García ha señalado que se destinan 8.760.000 euros para la puesta en marcha de nuevas instalaciones de energías renovables y que estas ayudas contribuyen a fomentar modelos de inversión más innovadores y promover cambios en los patrones de consumo y producción energética “utilizando de manera eficaz los recursos, reforzando la competitividad empresarial y promoviendo una mayor seguridad energética”.

Ha destacado el “considerable” aumento de la intensidad de la ayuda y ha explicado que mientras que para los municipios y entidades locales la ayuda sigue en el 80 por ciento de los costes subvencionables para el resto de beneficiarios, fundamentalmente particulares y pymes, la cobertura pasa del 40 al 55 por ciento.

La consejera ha concretado que el autoconsumo cuenta en esta convocatoria con 4,9 millones de euros para su promoción y que las ayudas son de concesión directa.

Se dota con 3.600.000 euros las ayudas para inversiones que contribuyan al ahorro y la eficiencia de la energía primaria consumida, mejorando el aprovechamiento de la energía en instalaciones ya existentes y en otras nuevas.

Según la consejera, se establecen dos líneas de ayuda, una dirigida al sector empresarial, pymes y sus agrupaciones, y a las comunidades de bienes; y otra dirigida a las infraestructuras y servicios públicos de la región, municipios y entidades locales menores y proveedores de servicios energéticos.
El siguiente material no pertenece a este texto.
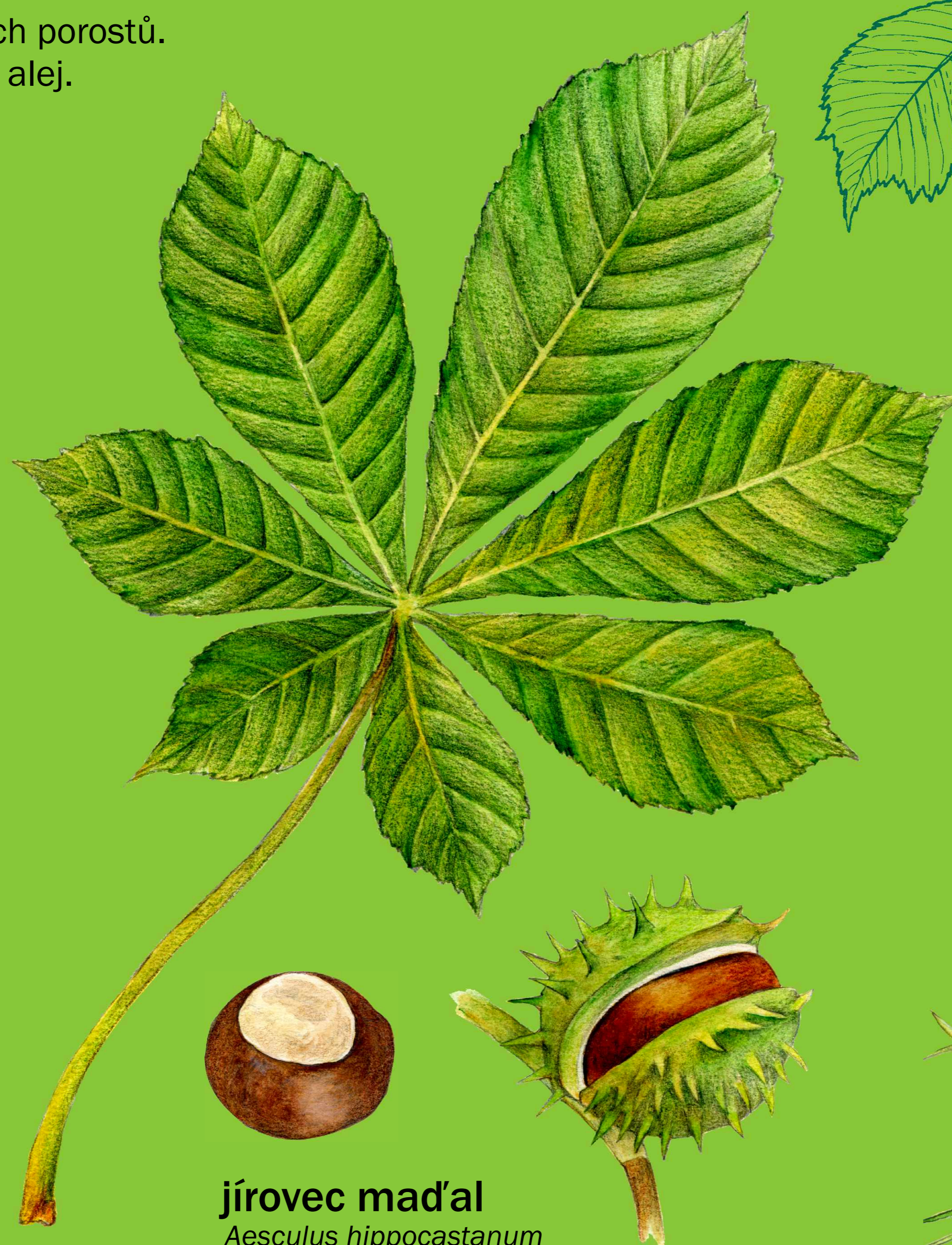
jírovec maďal Aesculus hippocastanum

Ha reconocido que, al igual que con las renovables, la principal novedad en esas bases es el aumento de las ayudas a los beneficiarios y, en este sentido, ha indicado que se establece una intensidad del 80 por ciento de los costes subvencionables para los municipios y entidades locales menores y de entre el 55 al 70 por ciento para el sector empresarial.

La consejera ha anunciado que a estas líneas de ayudas se sumarán próximamente otras cuatro para actuaciones de eficiencia energética en pyme y gran empresa del sector industrial; para aprovechamiento de la biomasa a través de biocombustibles; y otros dos destinada a Extremadura que ha aprobado el Instituto para la Diversificación y Ahorro de la Energía (IDEA) para financiar proyectos renovables de energía eléctrica.

También se subvenciona con 5.077.000 euros el fomento de actividades destinadas a la fabricación de biocombustibles sólidos como pellets y carbón vegetal y ha añadido que va dirigida a pymes de las zonas rurales.

El director general, Samuel Ruiz, ha afirmado que las ayudas para actuaciones de eficiencia energética en pyme y gran empresa del sector industrial son reguladas a nivel nacional y “en Extremadura aprobamos por primera vez” la convocatoria regional para incentivar y promover la eficiencia energética en pequeñas, medianas y grandes empresas, “exclusivamente del sector industrial”.

El objetivo de estas ayudas, con una dotación de 1.974.813 euros, es que las industrias reduzcan las emisiones de dióxido de carbono y el consumo de energía final mediante medidas destinadas a la mejora de la tecnología en equipos y procesos industriales subvencionando la sustitución de equipos y la implantación de sistemas de gestión energética.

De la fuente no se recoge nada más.